Please... implement this feature in the final release of EF4.

Thanx

Marco

# Muhammad Mosa said on August 6, 2009 5:41 AM:

Thank you so much Kati,

This is just in time, I was about to start working on it to make this comparison, you just saved my time.

And good job EF team. Good luck with the rest

# Gabor Mezo said on August 7, 2009 9:17 AM:

Hi,

Will DefaultIfEmpty() operator be supported in EF v2 (LINQ outter joins)?

Thanks,

Gabor

# Kati Iceva said on August 7, 2009 3:54 PM:

Hi Gabor,

Yes, DefaultIfEmpty() will be supported in EF in .NET 4.0.

Thanks,

Kati

# Kati Iceva said on August 7, 2009 3:54 PM:

Hi Gabor,

Yes, DefaultIfEmpty() will be supported in EF in .NET 4.0.

Thanks,

Kati

# James Hancock said on August 10, 2009 10:51 AM:

Asside from not being able to do this Product.ID == (Guid) SomeObject in a where clause causing all kinds of variable declarations in our code all of the time for no particular reason, the most frustrating thing is doing Left Outer Joins. These are a major PITA in linq. PLEASE PLEASE PLEASE add an outerjoin command that simplifies this so that I can do simple left outer joins.

The only other thing is that I have all kinds of cases where I want to return a property that isn't part of the database in the select.  This should be supported, because it should know to select on the database the ones that are applicable to the database, then pull the proper properties for the rest from the object. Linq to SQL seems to do a pretty good job of this, but Linq to Entities is horrible.

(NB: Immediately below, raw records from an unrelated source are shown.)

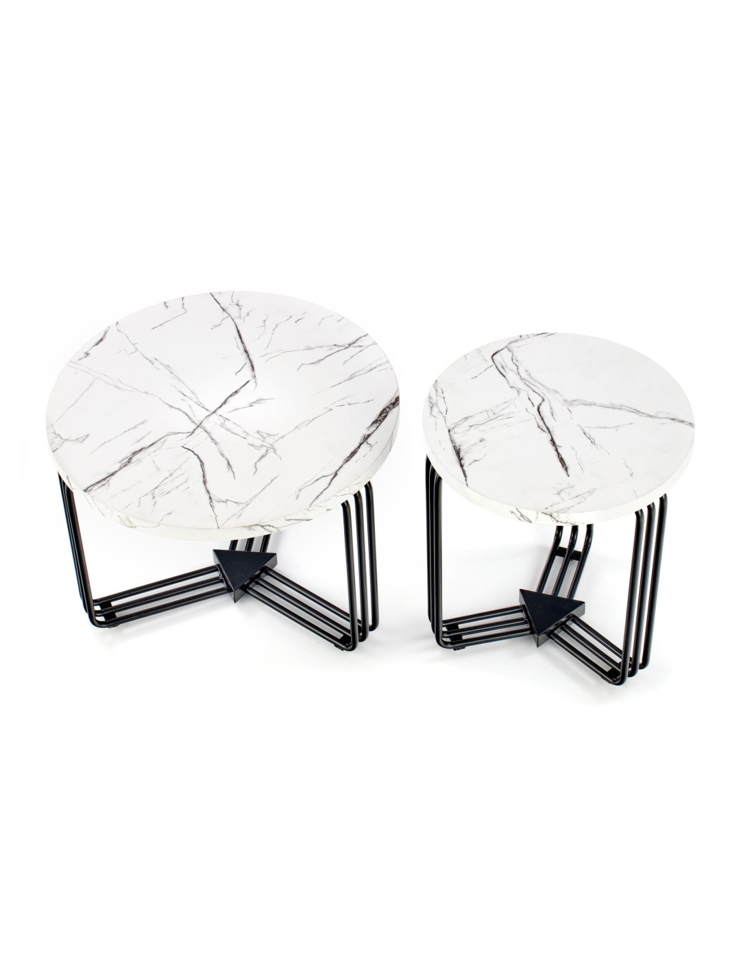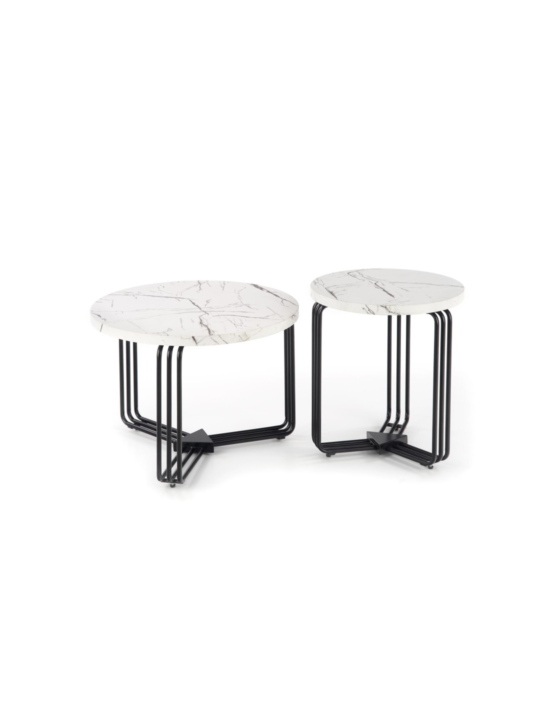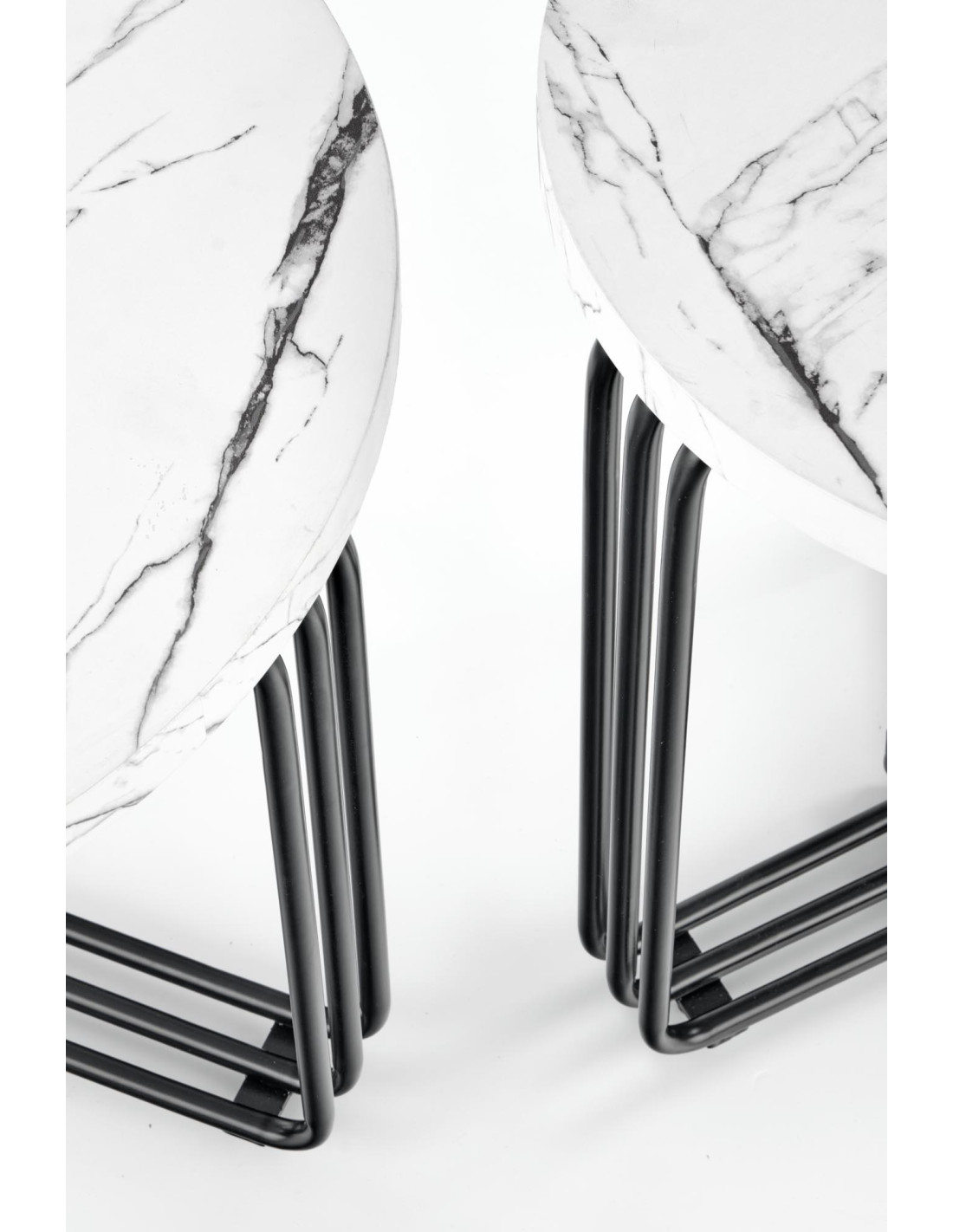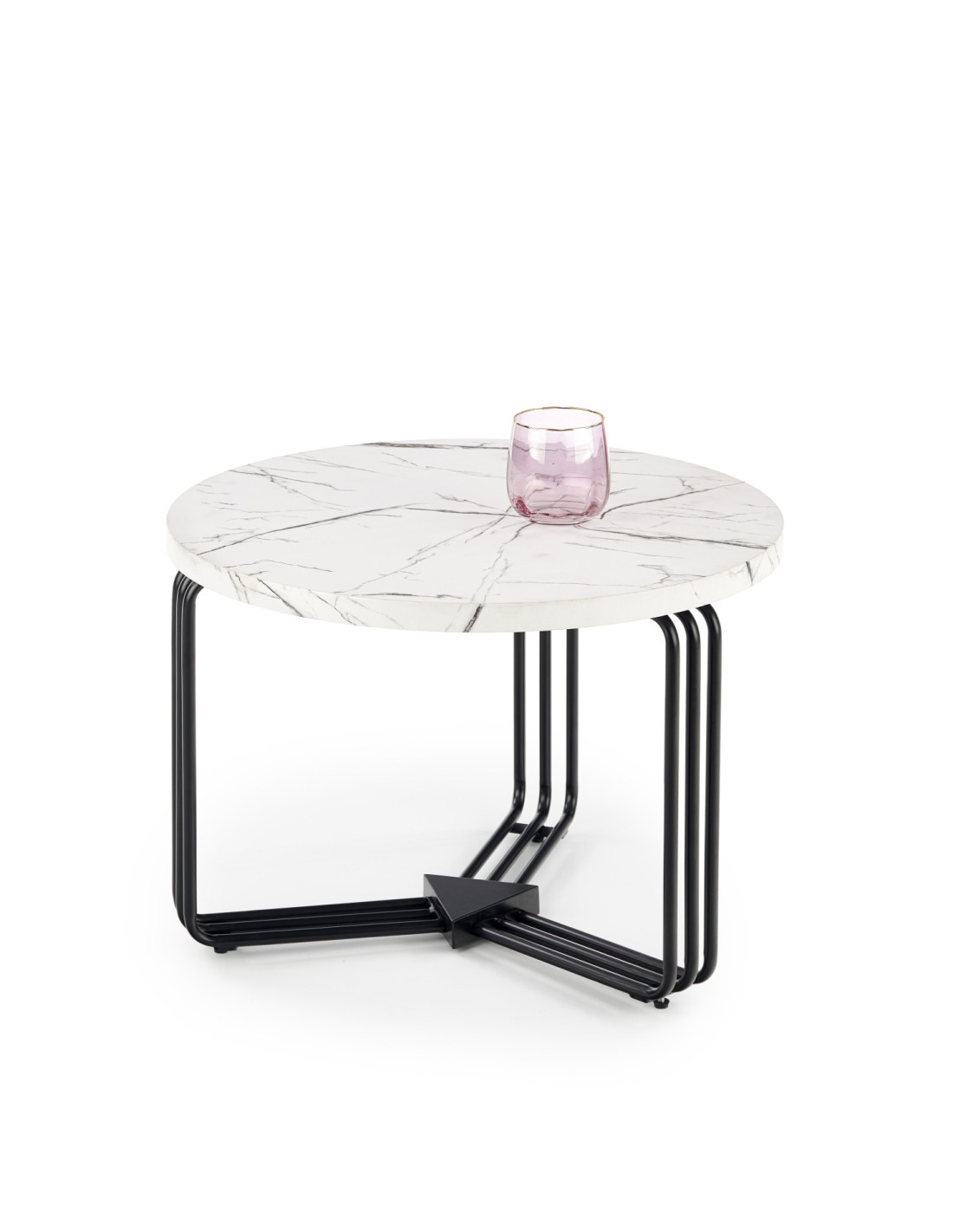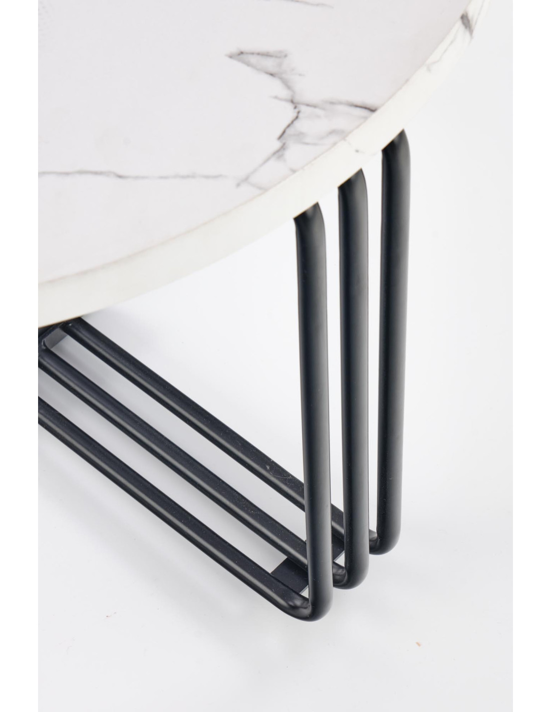 Okrągła Ława PUERTO M biały marmur, stelaż czarny
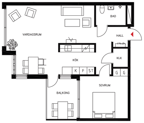 2 rum lägenhet på 68 m²
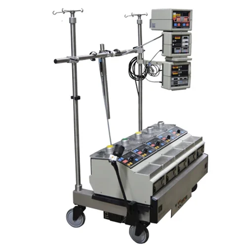 The Terumo Sarns Modular Perfusion System 8000 is a versatile and compact heart-lung machine designed for use in cardiac surgery. The modular design and built-in features of the System 8000 enable the platform to be configured for current and future needs in the field. The modular features of the System 8000 enable the cardiopulmonary bypass pump to be set up in a variety of configurations. The System 8000 is available in a four-pump or a five-pump base with an option for acquiring a built-in centrifugal pump. The Perfusion System 8000 can be configured based on new protocols and individual patient needs. The cardiopulmonary bypass pump's flexibility enables the users to manage a specific case based on the definition of safety connection and responses, the utilization of the Central Control Monitor, and the implementation of the machine's built-in Sarns capabilities. The heart-lung machine also features a state-of-the-art Central Control Monitor. The Central Control Monitor is a high-resolution touchscreen computer designed to be used as a safety monitor and the central interface for operating the machine.
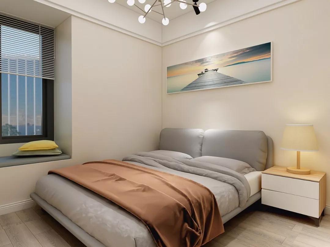除開(kāi)飄窗,次臥空間面積略顯擁擠局促。通過(guò)睡眠、學(xué)習(xí)、儲(chǔ)物、活動(dòng)四個(gè)基本功能區(qū)合理設(shè)計(jì)布局,既滿足日常儲(chǔ)物收納又不影響老人起居作息,在軟裝搭配上選擇深色系家紡,樸實(shí)沉穩(wěn),淡泊明志,寧?kù)o致遠(yuǎn)。
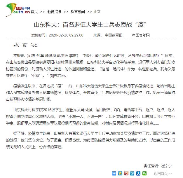 山东科大:百名退伍大学生士兵志愿战“疫”
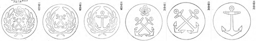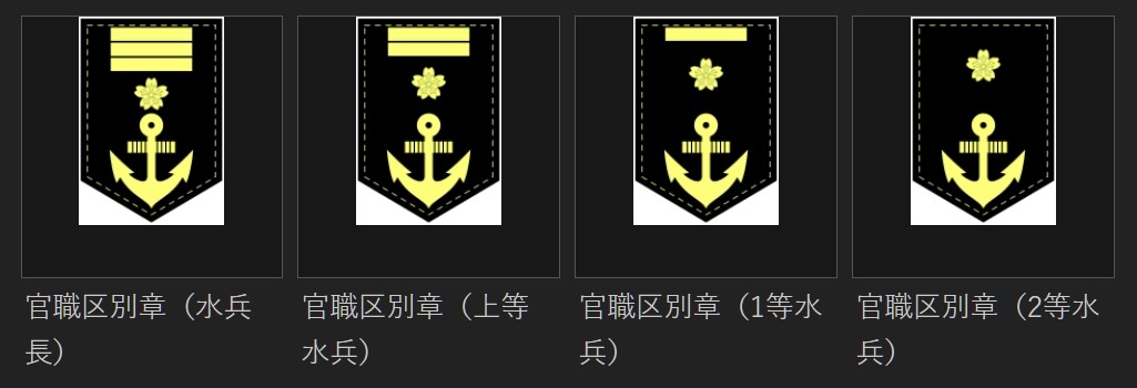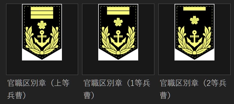 水兵的阶级章样式类似于军士,最上面是0到3条黄条代表军衔高低,樱花和船锚。
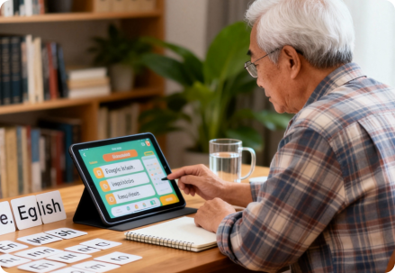 AI 自动生成场景视频,把今天与历史单词混在故事里反复出现。多感官、多轮接触,提高长期记忆保持。
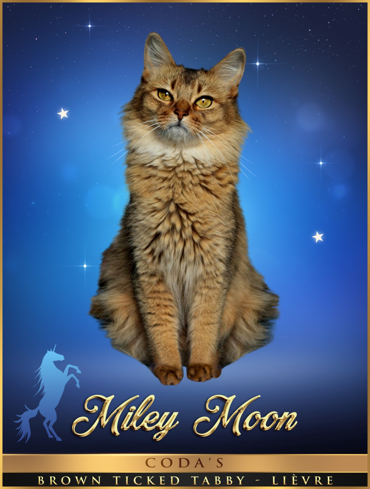 Gilanëa est la fille de Delhys et Feänor. Elle représente tout pour moi , ma fusion. "Mon chat.. ". Elle est le chat qu'on a une relation extraordinaire une fois dans sa vie , même si tout nos autres animaux sont extrêment aimés et choyés. Elle est née à la maison , la 1ère de la chatterie "La Magie des Licornes" à rester parmi nous.
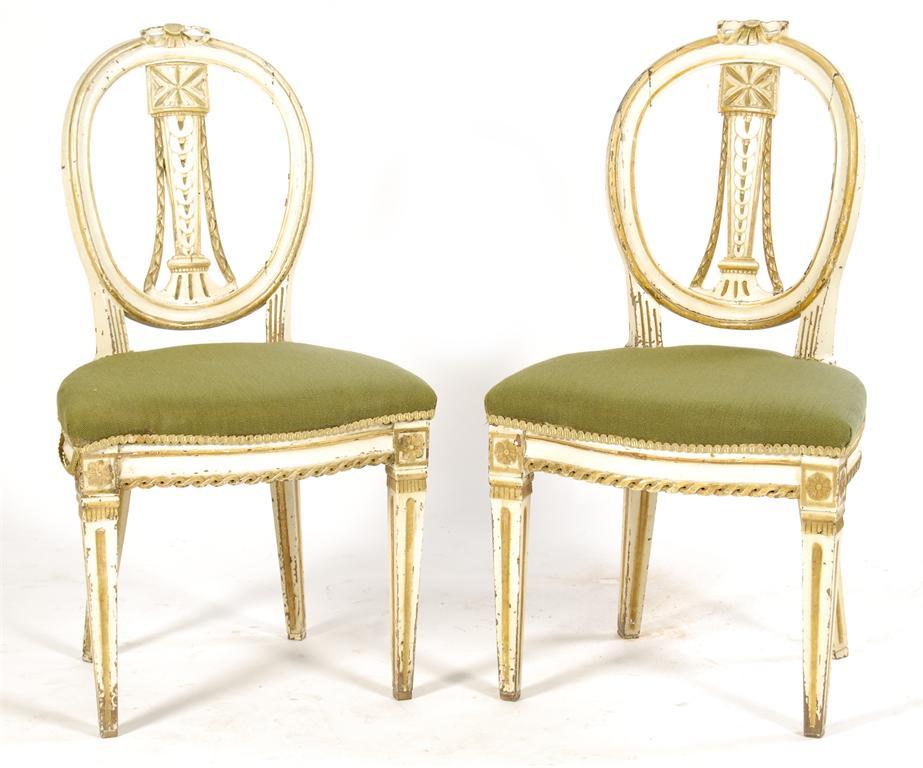 A pair of early 19th century carved wood and painted side chairs, the oval ribbon-tied backs with a tapering splat to later stuffed over seats, one still caned, on square tapering legs. (2) One with wormed back leg.
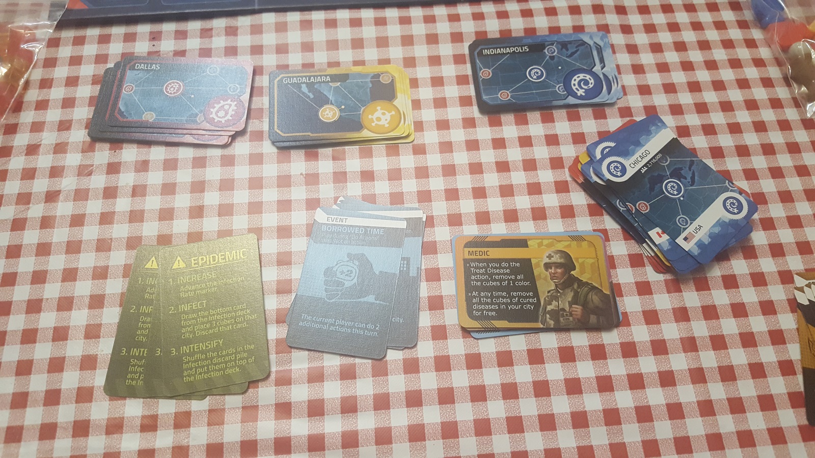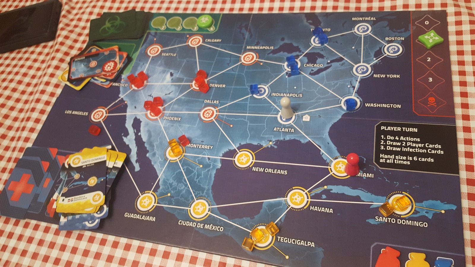 At the end of each player turn, you’ll have to pick random city cards which will get infected with respective cubes. Additionally, there are crisis and epidemic cards that will make your journey harder. If you exceed three cubes of the same color in any city, an outbreak occurs, and surrounding locations get infected as well. If you do this enough times, you’ll end up losing the game.
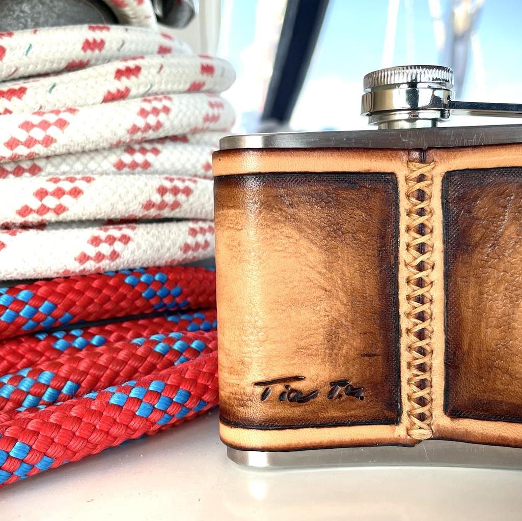 Flachmann mit Schiff Ledergravur
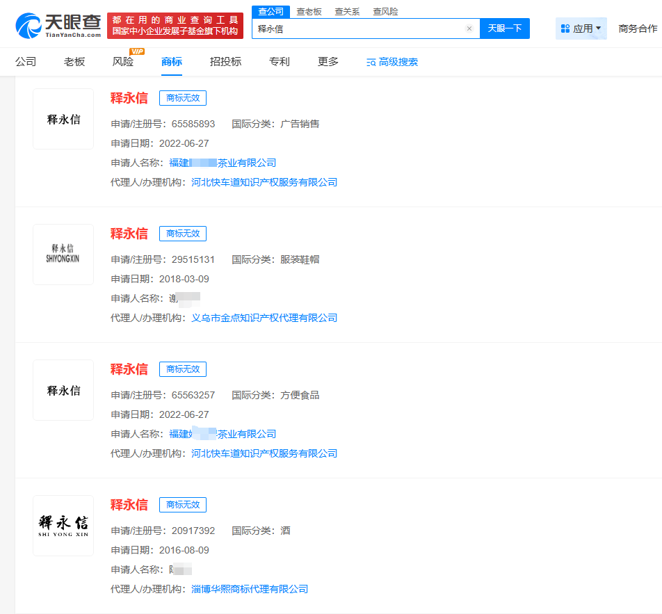 此外,天眼查知识产权信息显示,“释永信”曾被多方申请注册为商标,国际分类涉及广告销售、服装鞋帽、方便食品等,当前商标状态均为无效状态。

Solving these issues and your support for functions will make .NET 4 fantastic.... well that and PICO and non diagram based implimentations so that people can inherit from our objects and add fields etc....

# shawn said on August 11, 2009 2:19 PM:

It's great to see improvements in the SQL generated by the EF.  One thing that I think could be a small improvement is to use shorter generated names for the tables/extents/projections.  Linq2Sql uses [t0], [t1], etc and the shorter names IMHO make for less "noise" in the SQL and a more readable query.  Plus every byte counts when sending SQL statements over the wire, especially when going from a local client to a remote database over an encrypted connection.  Just something to consider.

Also, +1 on what James said.

# Mark Rowe said on August 13, 2009 2:58 PM:

Coming from a biztalk environment, will For XML still be supported?

# Kati Iceva said on August 17, 2009 1:12 PM:

Thanks for your comments.

James, Entity Framework 4.0 will support DefaultIfEmpty, whic is used for achieving a LeftOuterJoin in Linq.

Shawn, we will consider your suggestion.

Thanks,

Kati

# danieldsmith said on August 18, 2009 9:16 AM:

Absolutely agree with Shawn about the shorter alias names.

Shorter names are cleaner, easier to read, cut bandwidth costs, and I'd imagine it would also mean slightly faster query parsing on the server side too.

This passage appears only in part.